> [Work required] Your copy of the listing should be exact and should contain no pictures.

> [Data shown]
-=-=-=-=-

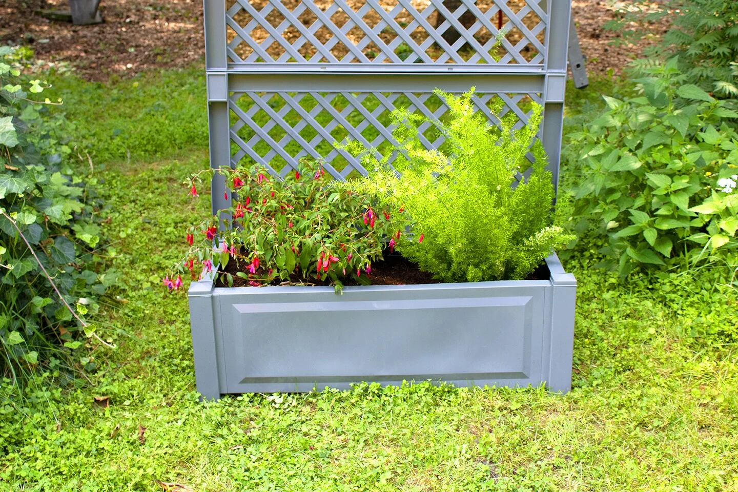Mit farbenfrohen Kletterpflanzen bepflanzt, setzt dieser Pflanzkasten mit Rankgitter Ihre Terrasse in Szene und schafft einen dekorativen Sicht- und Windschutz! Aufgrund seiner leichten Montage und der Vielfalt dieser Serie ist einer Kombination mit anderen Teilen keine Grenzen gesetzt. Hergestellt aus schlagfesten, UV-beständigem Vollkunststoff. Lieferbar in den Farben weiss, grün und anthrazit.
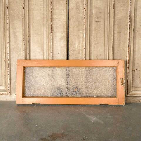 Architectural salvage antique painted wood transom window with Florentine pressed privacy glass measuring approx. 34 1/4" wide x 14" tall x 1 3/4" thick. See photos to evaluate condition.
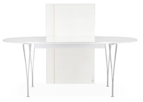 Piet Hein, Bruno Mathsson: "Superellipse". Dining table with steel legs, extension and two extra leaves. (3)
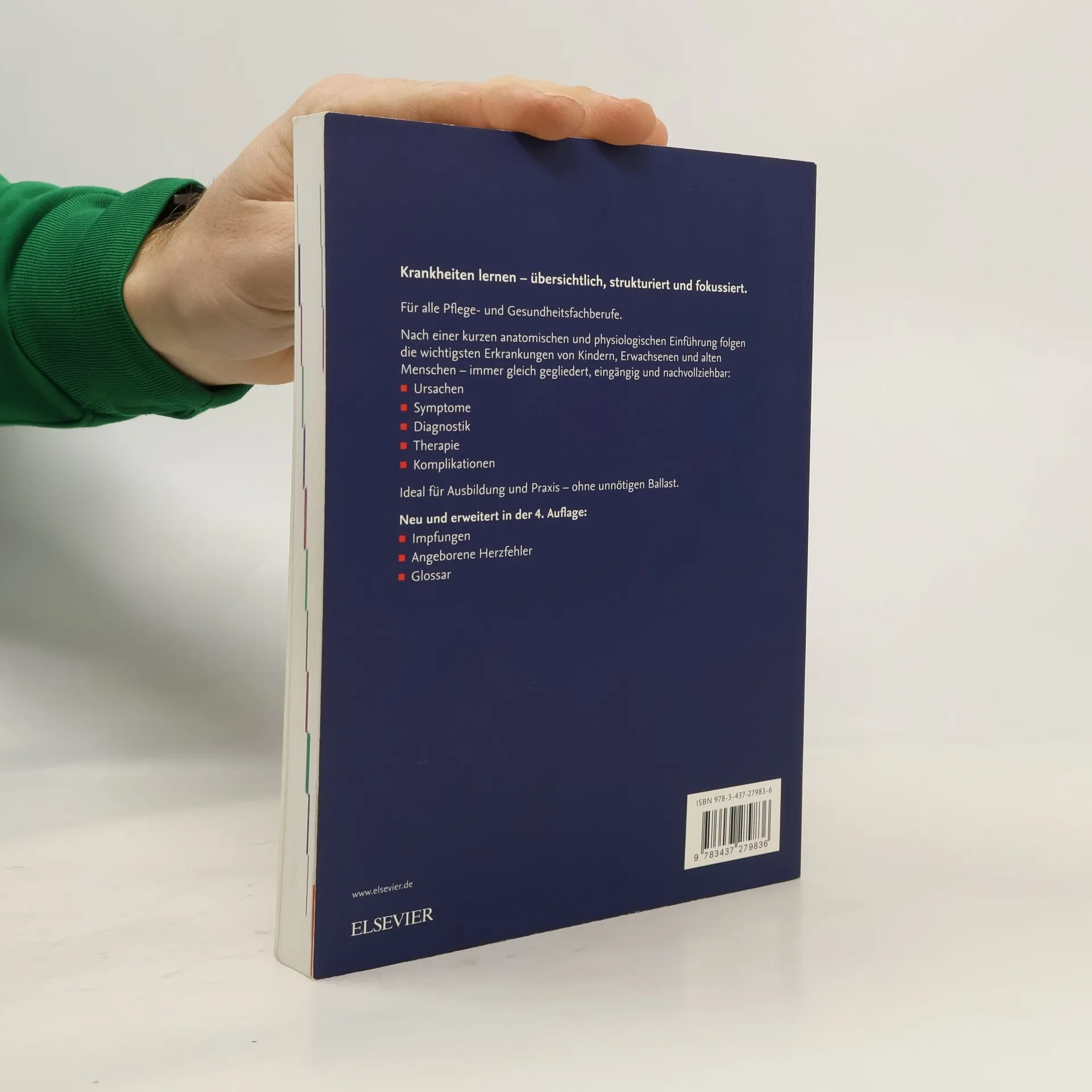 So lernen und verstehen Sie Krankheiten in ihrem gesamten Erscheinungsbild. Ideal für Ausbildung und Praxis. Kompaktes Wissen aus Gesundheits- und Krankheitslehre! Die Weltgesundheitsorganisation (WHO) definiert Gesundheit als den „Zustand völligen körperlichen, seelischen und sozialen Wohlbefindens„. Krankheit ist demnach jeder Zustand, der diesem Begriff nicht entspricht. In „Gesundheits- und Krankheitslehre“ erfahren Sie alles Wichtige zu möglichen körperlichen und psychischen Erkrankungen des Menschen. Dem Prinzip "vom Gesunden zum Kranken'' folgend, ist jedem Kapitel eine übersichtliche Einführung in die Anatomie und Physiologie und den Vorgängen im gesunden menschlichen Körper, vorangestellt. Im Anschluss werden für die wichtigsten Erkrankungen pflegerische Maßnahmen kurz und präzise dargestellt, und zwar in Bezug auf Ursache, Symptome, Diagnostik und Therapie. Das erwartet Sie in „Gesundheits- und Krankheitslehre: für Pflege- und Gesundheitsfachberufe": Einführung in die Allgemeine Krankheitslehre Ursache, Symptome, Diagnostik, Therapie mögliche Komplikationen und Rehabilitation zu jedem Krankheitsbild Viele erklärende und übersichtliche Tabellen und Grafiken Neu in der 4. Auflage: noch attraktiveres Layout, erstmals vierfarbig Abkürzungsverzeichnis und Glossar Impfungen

-=-=-=-=-

> [Solution for this exercise]
Mit farbenfrohen Kletterpflanzen bepflanzt, setzt dieser Pflanzkasten mit Rankgitter Ihre Terrasse in Szene und schafft einen dekorativen Sicht- und Windschutz! Aufgrund seiner leichten Montage und der Vielfalt dieser Serie ist einer Kombination mit anderen Teilen keine Grenzen gesetzt. Hergestellt aus schlagfesten, UV-beständigem Vollkunststoff. Lieferbar in den Farben weiss, grün und anthrazit.
 Architectural salvage antique painted wood transom window with Florentine pressed privacy glass measuring approx. 34 1/4" wide x 14" tall x 1 3/4" thick. See photos to evaluate condition.
 Piet Hein, Bruno Mathsson: "Superellipse". Dining table with steel legs, extension and two extra leaves. (3)
 So lernen und verstehen Sie Krankheiten in ihrem gesamten Erscheinungsbild. Ideal für Ausbildung und Praxis. Kompaktes Wissen aus Gesundheits- und Krankheitslehre! Die Weltgesundheitsorganisation (WHO) definiert Gesundheit als den „Zustand völligen körperlichen, seelischen und sozialen Wohlbefindens„. Krankheit ist demnach jeder Zustand, der diesem Begriff nicht entspricht. In „Gesundheits- und Krankheitslehre“ erfahren Sie alles Wichtige zu möglichen körperlichen und psychischen Erkrankungen des Menschen. Dem Prinzip "vom Gesunden zum Kranken'' folgend, ist jedem Kapitel eine übersichtliche Einführung in die Anatomie und Physiologie und den Vorgängen im gesunden menschlichen Körper, vorangestellt. Im Anschluss werden für die wichtigsten Erkrankungen pflegerische Maßnahmen kurz und präzise dargestellt, und zwar in Bezug auf Ursache, Symptome, Diagnostik und Therapie. Das erwartet Sie in „Gesundheits- und Krankheitslehre: für Pflege- und Gesundheitsfachberufe": Einführung in die Allgemeine Krankheitslehre Ursache, Symptome, Diagnostik, Therapie mögliche Komplikationen und Rehabilitation zu jedem Krankheitsbild Viele erklärende und übersichtliche Tabellen und Grafiken Neu in der 4. Auflage: noch attraktiveres Layout, erstmals vierfarbig Abkürzungsverzeichnis und Glossar Impfungen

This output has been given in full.